Below is a snip from the samba log file(shows 3 supplementary groups even though
this user belongs to about 20 groups).
[2004/01/20 19:17:44, 5] auth/auth_util.c:debug_unix_user_token(505)
UNIX token of user 10504
Primary group is 10013 and contains 3 supplementary groups
Group[ 0]: 10013
Group[ 1]: 10013
Group[ 2]: 10029
#Begin smb.conf
passdb backend = smbpasswd
#winbind configuration------>
winbind separator = +
winbind use default domain = yes
template shell = /bin/false
template homedir = /netarray/shares/home/%U
idmap uid = 10000-20000
idmap gid = 10000-20000
#end winbind configuration----->
security = domain
password server = PDC BDC
password level = 8
username level = 8
[Shared]
available = yes
browseable = yes
comment =
path = /netarray/shares/Shared
public = no
writable = yes
valid users = @"Domain Users" @"Domain Admins"
@"Global ITS" @d_users @d_admins @g_its
invalid users = internet1 internet2 hrtest
Hello,
I have a similar problem with a RH9 using the kernel 2.4.20-20.9.1 with ACL
patchs.
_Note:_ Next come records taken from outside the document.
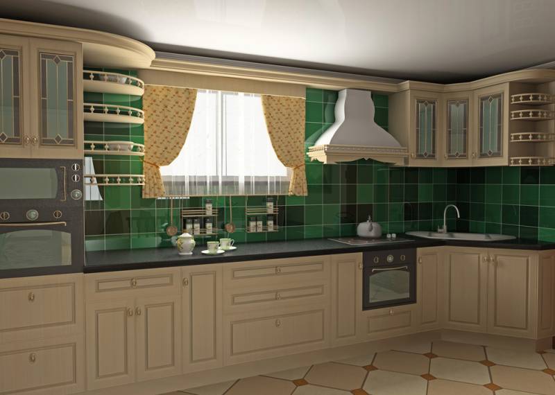 Bucataria din aceasta imagine ofera caldura si liniste. Culorile din natura, precum lemnul natur al mobilierului si nuanta de verde a faiantei contribuie la realizarea unei oaze de recreere. Intr-un astfel de decor, timpul rezervat gatitului devine mult mai placut.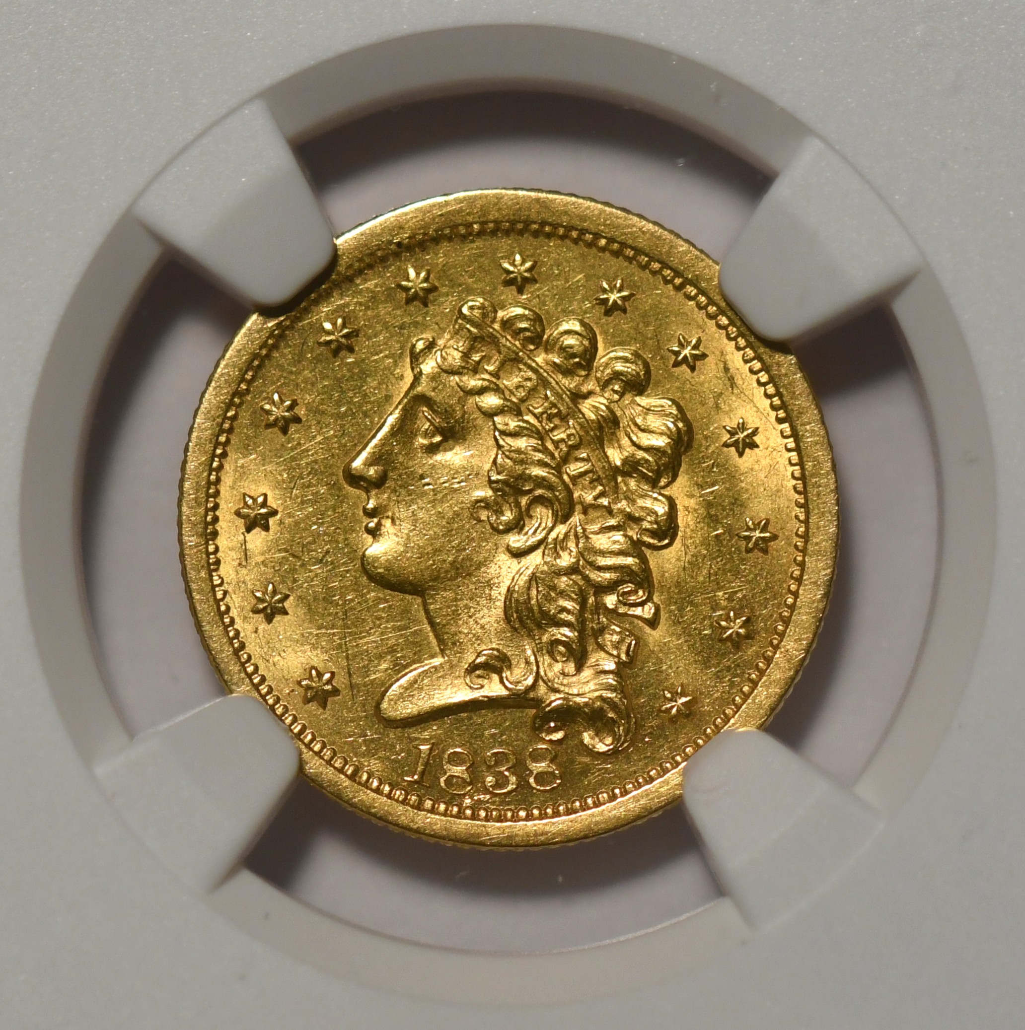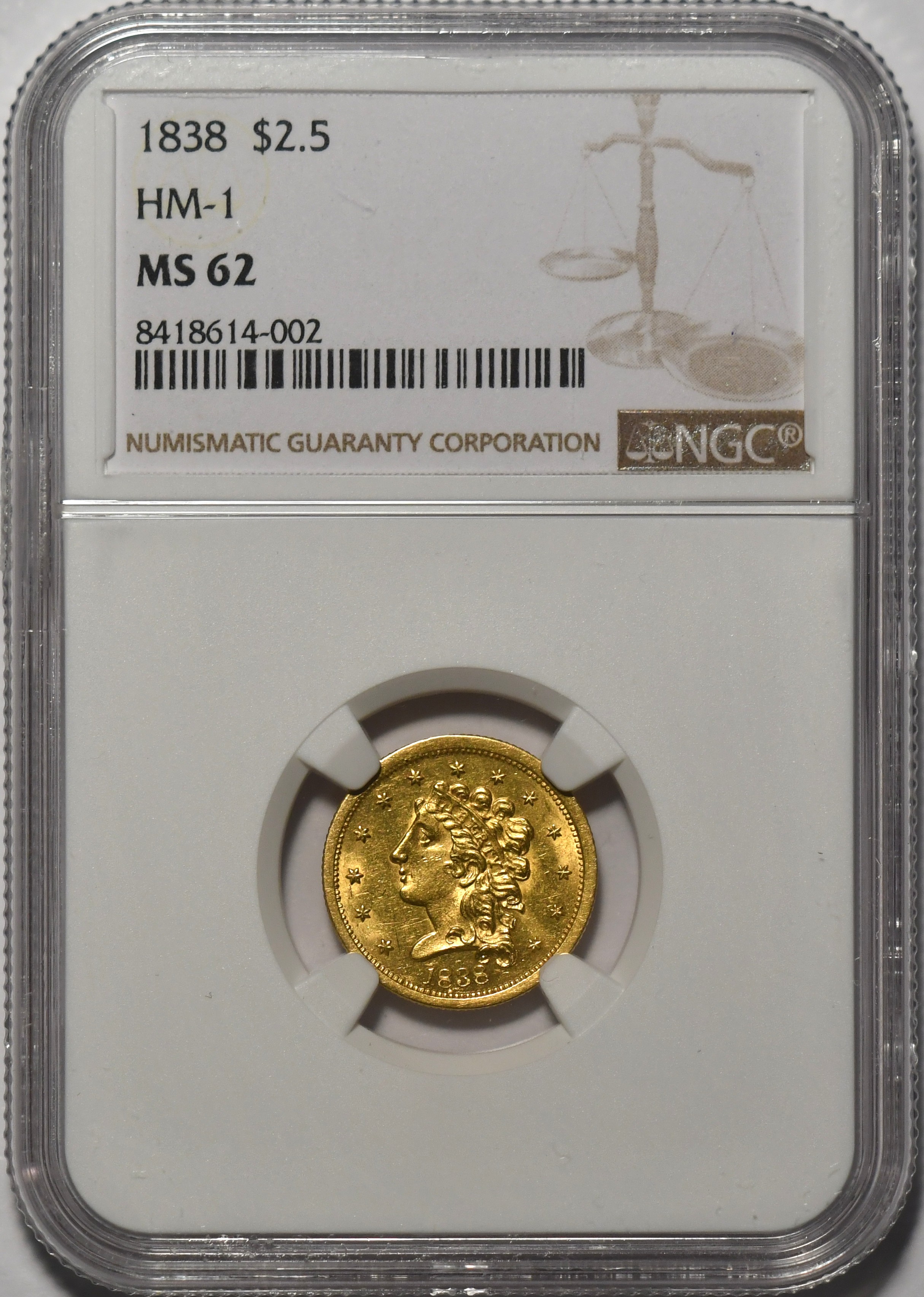 1838 $2.50 NGC MS62  HM-1. Crisp & lustrous. Scarce Classic Head issue. PCGS $7500.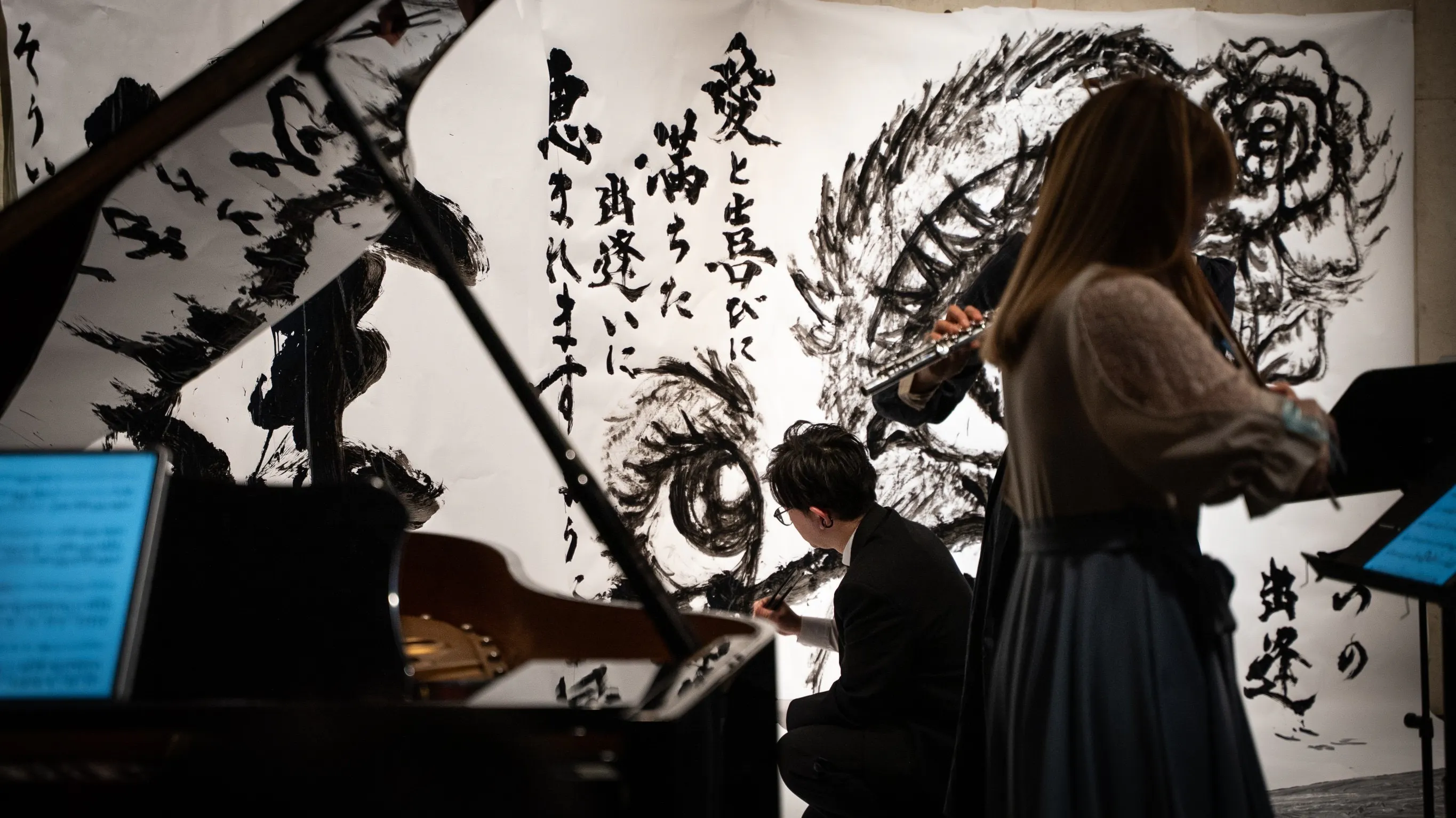 このパフォーマンスは、ライブならではのクラシック音楽、書道、ライブペイントがリアルタイムで融合する舞台です。それぞれの要素が互いに影響し合って、その場で変化しながらの即興演出を楽しんでいただきたいです。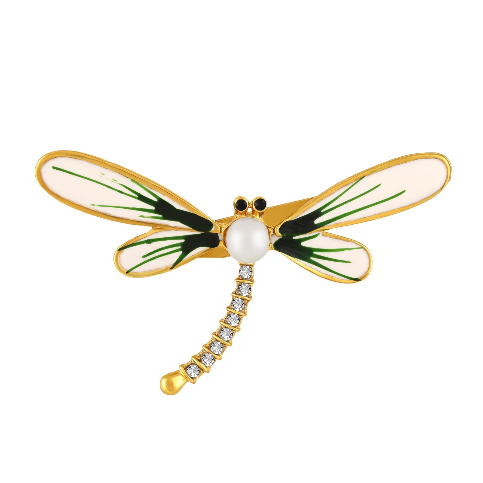Mahi Meenakari Enamel Dragonfly-Shaped Saree Pin/Wedding Brooch with Crystal and Artificial Pearl for Women (BP1101202GWhi) – Fast Shipping to USA & Canada

I have updated some source (/include/linux/limits.h and
/include/asm/param.h) to increase the maximum number of groups value before
compiling this kernel.
My samba is the 3.0.1-2 (compiled with "--with-winbind
--with-acl-support")
when the windows domain users try to access (just the "net use") the
samba
share everything is OK ... In the Acl of this share whe have some linux
equivalent to the classical windows permissions "Everyone read" ...
But ... whe a specific user try to create/update/delete a file in this share
he receive the "Access Denied" message !
However this user in included in a Domain Global Group and this group is
also included in the Acl !
Do you have solve your first problem ? If yes could you send me your
solution ?
Any help for my problem would be greatly appreciated.
Best regards.
Christian PIGNOL
* (+33) 473 67 62 96
* (+33) 473 67 61 29
* christian_pignol@merck.com
-----Original Message-----
From: samba-bounces+christian_pignol=merck.com@lists.samba.org
[mailto:samba-bounces+christian_pignol=merck.com@lists.samba.org] On Behalf
Of asim_is@comcast.net
Sent: mercredi 21 janvier 2004 02:40
To: samba@lists.samba.org
Subject: [Samba] Samba winbind secondary group problem
Hello all,
I am having some serious problems getting winbind to recognize secondary
group memberships. I have a samba server version samba-3.0.0-14.3E running
on RHES v.3.
This is running on a 2x Xeon 2.4 Ghz IBM Server with 2G Ram. nscd is not
running.
See below for smb.conf.
cat /proc/version: Linux version 2.4.21-9.ELsmp
(bhcompile@stripples.devel.redhat.com) (gcc version 3.2.3 20030502 (Red Hat
Linux 3.2.3-26)) #1 SMP Thu Jan 8 17:08:56 EST 2004
I have joined the domain with: net rpc join -U administrator -r PDC
I successfully joined the domain. passdb backend = smbpasswd. wbinfo -u
shows all the domain users and wbinfo -g shows all the domain groups. ls -l
shows the correct domain user/group ownerships. Users can access shares
owned by them or their PRIMARY domain group. But when they try to access a
share owned by a secondary group that they belong to, it is access denied.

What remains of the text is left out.